RECORDED DATA
# # #

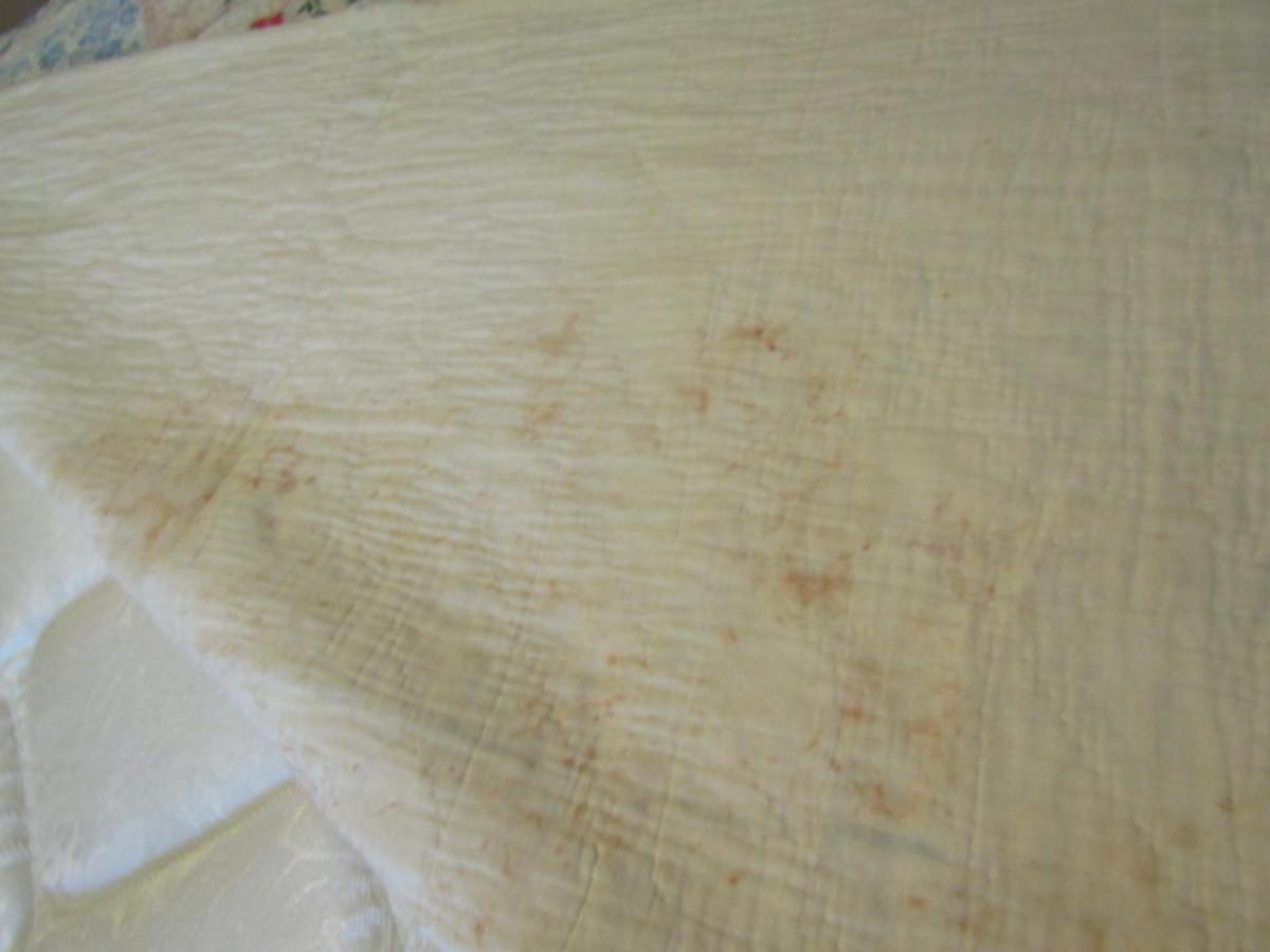 Handmade Quilt- Approx. 64" x 74". Please see all pictures- has light staining and needs cleaning.
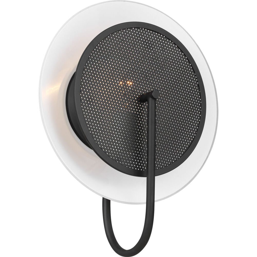 A dramatic and architectural take on Kelly's signature use of mixed metals and geometric forms, Gesture gives the appearance of asymmetrical balance. These refined and bold pendant lights juxtapose organic feminine curves with sleek masculine precision. The "C" arm hook holds an opal glass shade with a perforated metal diffuser at the base of the lamp. The diffuser shines light straight out and down, ensuring gentle, even distribution of the light. Available in three finish options: Aged Iron, Burnished Brass and Polished Nickel.
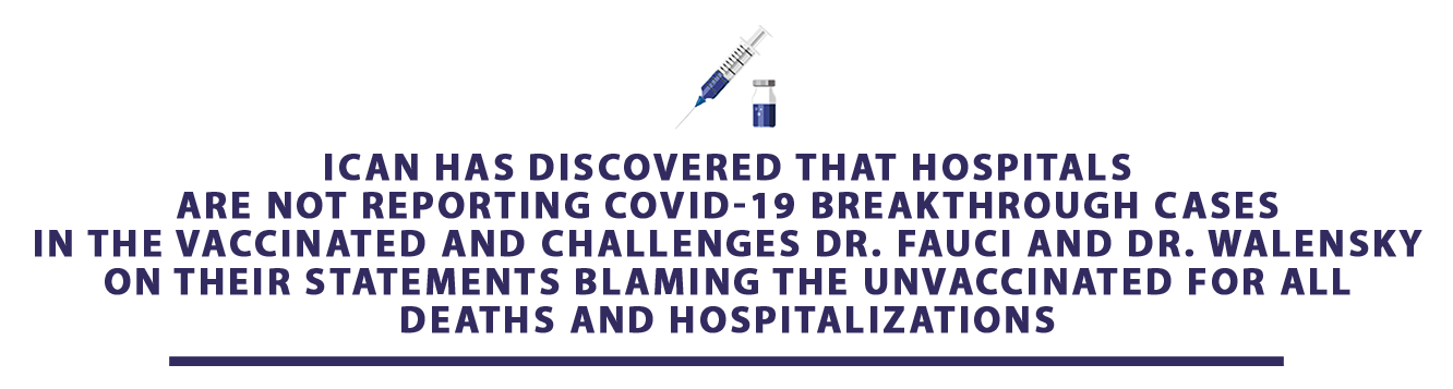 It seems incredibly misleading to tell the country that all hospitalizations and deaths are in the unvaccinated when the CDC itself does not appear to be capturing or analyzing data to support that assertion. ICAN will continue to fight to reveal the hard truths our health authorities are plainly reluctant to admit and will not stand by idle when those authorities make claims without any support.
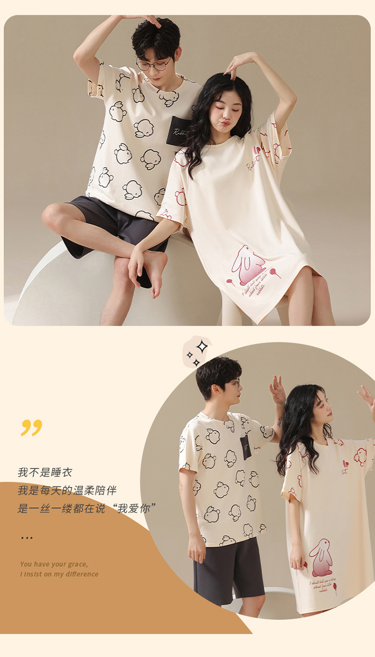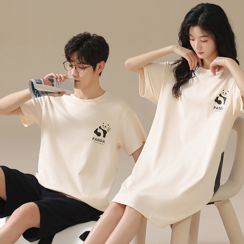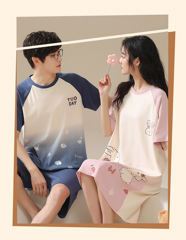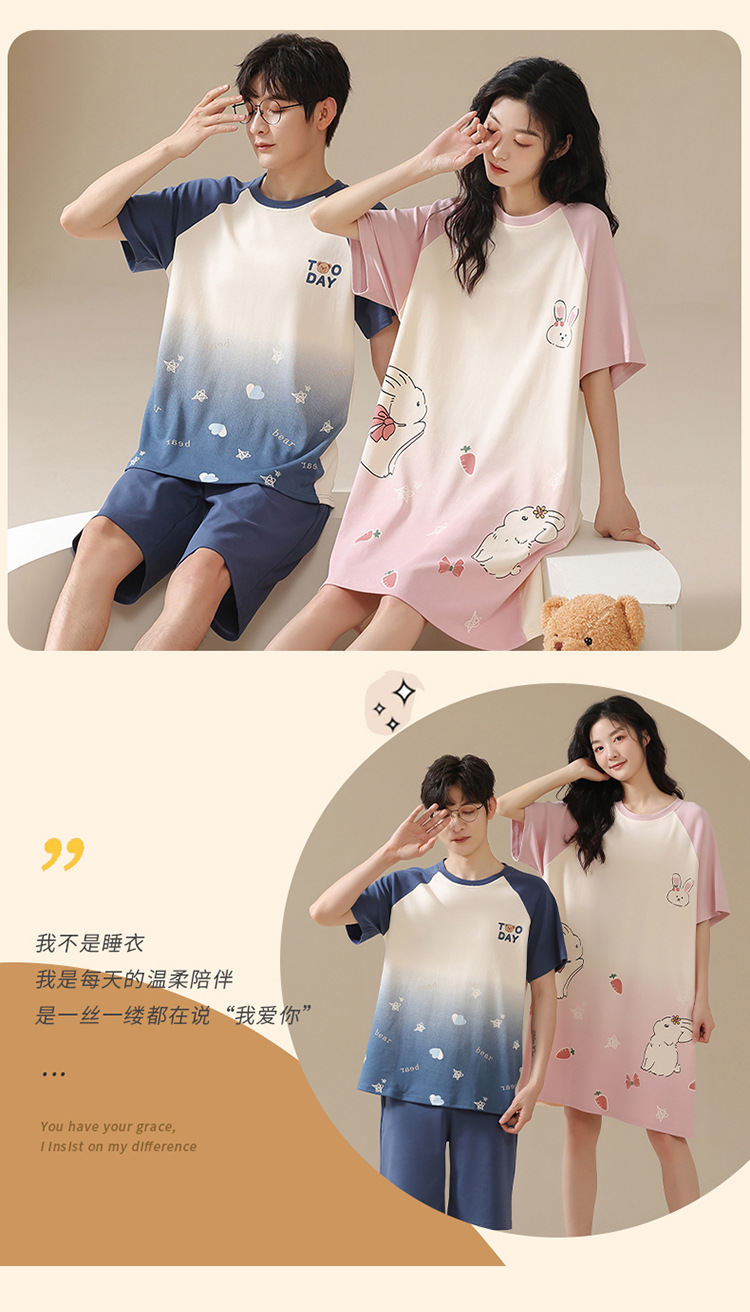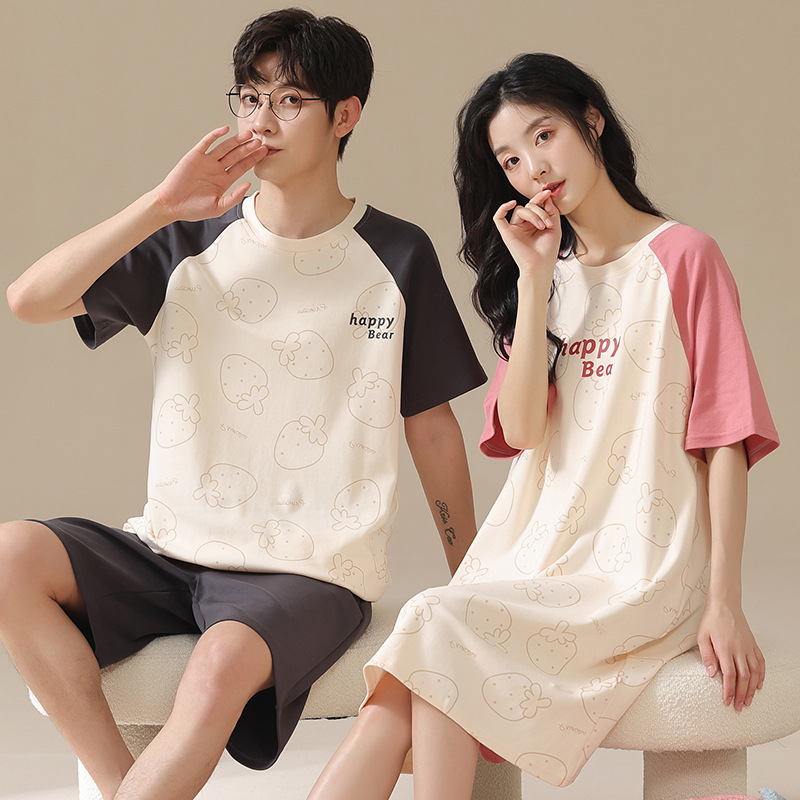 커플 잠옷 남자의 세트 여자의 치마 여름 겉옷을 입고 새로운 면 짧은 소매 여름 얇은 가정 옷 세트

# # #

WORK REQUIRED
The complete material, set down exactly and stripped of pictures, is the expected response.

REPLY
 Handmade Quilt- Approx. 64" x 74". Please see all pictures- has light staining and needs cleaning.
 A dramatic and architectural take on Kelly's signature use of mixed metals and geometric forms, Gesture gives the appearance of asymmetrical balance. These refined and bold pendant lights juxtapose organic feminine curves with sleek masculine precision. The "C" arm hook holds an opal glass shade with a perforated metal diffuser at the base of the lamp. The diffuser shines light straight out and down, ensuring gentle, even distribution of the light. Available in three finish options: Aged Iron, Burnished Brass and Polished Nickel.
 It seems incredibly misleading to tell the country that all hospitalizations and deaths are in the unvaccinated when the CDC itself does not appear to be capturing or analyzing data to support that assertion. ICAN will continue to fight to reveal the hard truths our health authorities are plainly reluctant to admit and will not stand by idle when those authorities make claims without any support.
 커플 잠옷 남자의 세트 여자의 치마 여름 겉옷을 입고 새로운 면 짧은 소매 여름 얇은 가정 옷 세트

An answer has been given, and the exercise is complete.